In this context (The context of an event includes the circumstances and conditions surrounding it; the …)researchers of theInstitute (An institution is a permanent organization created for a specific purpose. It is …) light (Light is the set of electromagnetic waves visible to the eye …) subject (ILM, CNRS / University Claude Bernard (Claude Bernard, born on 12 July 1813 in Saint-Julien (Rhone) and died on …) Lyon 1), in collaboration with scientists from theUniversity (A university is a higher education institution whose goal is the …) from Zurich have just played a major country (The countryside, also called rural environment, designates all the cultivated areas …) quantum simulations on liquid water for a wide range of temperatures. They show that computers today are powerful enough for the quantum computing schemes used by physicists (including the “theory (The word theory comes from the Greek theorein, which means “to contemplate, observe, …) of the functional (In mathematics, the term functional refers to certain functions ….) density “, or DFT) can quantitatively explain the viscosity of water and its diffusion properties, from one approach from the beginning.
Their calculations also allow to prioritize the various known DFT approaches, some diagrams ofapproximation (An approximation is an approximate representation, i.e. missing …) also failing to describe the viscosity of water at any temperature. Finally, they show that the dynamic properties of water can be deduced from the analysis ofentropy (In thermodynamics, entropy is a state function introduced in 1865 by Rudolf Clausius …) of the liquid on a scale of a few molecules, which allows their calculation to be considerably accelerated, as the structural properties are faster to calculate than essentially dynamic quantities.

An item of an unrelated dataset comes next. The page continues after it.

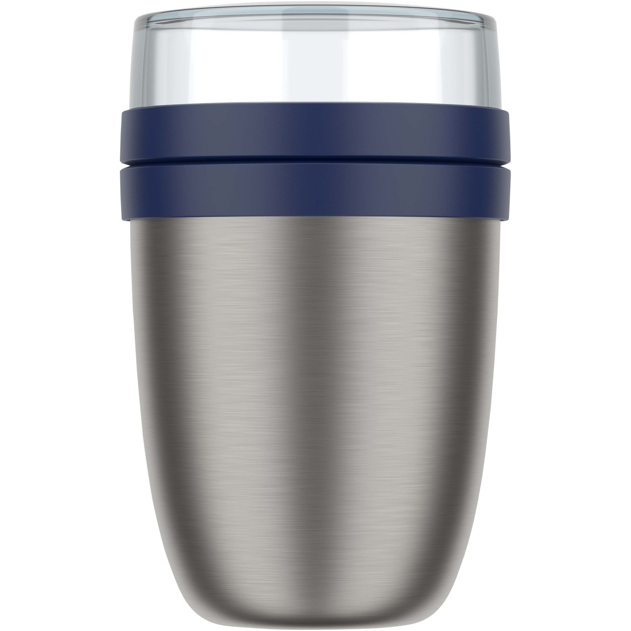 Герметичный пищевой контейнер с двумя раздельными отделениями, позволяющими хранить различные продукты отдельно друг от друга. Оба контейнера имеют отдельную крышку, чтобы ингредиенты не смешивались. Еда останется горячей в течение 6-8 часов и холодной в течение 12 часов. Объем верхнего прозрачного контейнера составляет 200 мл. Емкость нижнего контейнера составляет 500 мл. Изготовлен из прочного материала, внешняя часть контейнера остается холодной и сухой. Рекомендуется ручная мойка. Пластиковые части крышки можно мыть в посудомоечной машине.

What is at stake is important, the possibility of faithfully describing the water, in its structure and in its dynamic (The word dynamic is often used to designate or qualify what refers to movement. It …), being for example a crucial issue for the advancement of the understanding of nanofluidic flows. These results are published in Proceedings of the National Academy of Sciences.
Connection between dynamic and structural properties of water: Insights from ab initio simulations.
C. Herrero, M. Pauletti, G. Tocci, M. Iannuzzi, L. Joly; PNASreleased on May 19, 2022.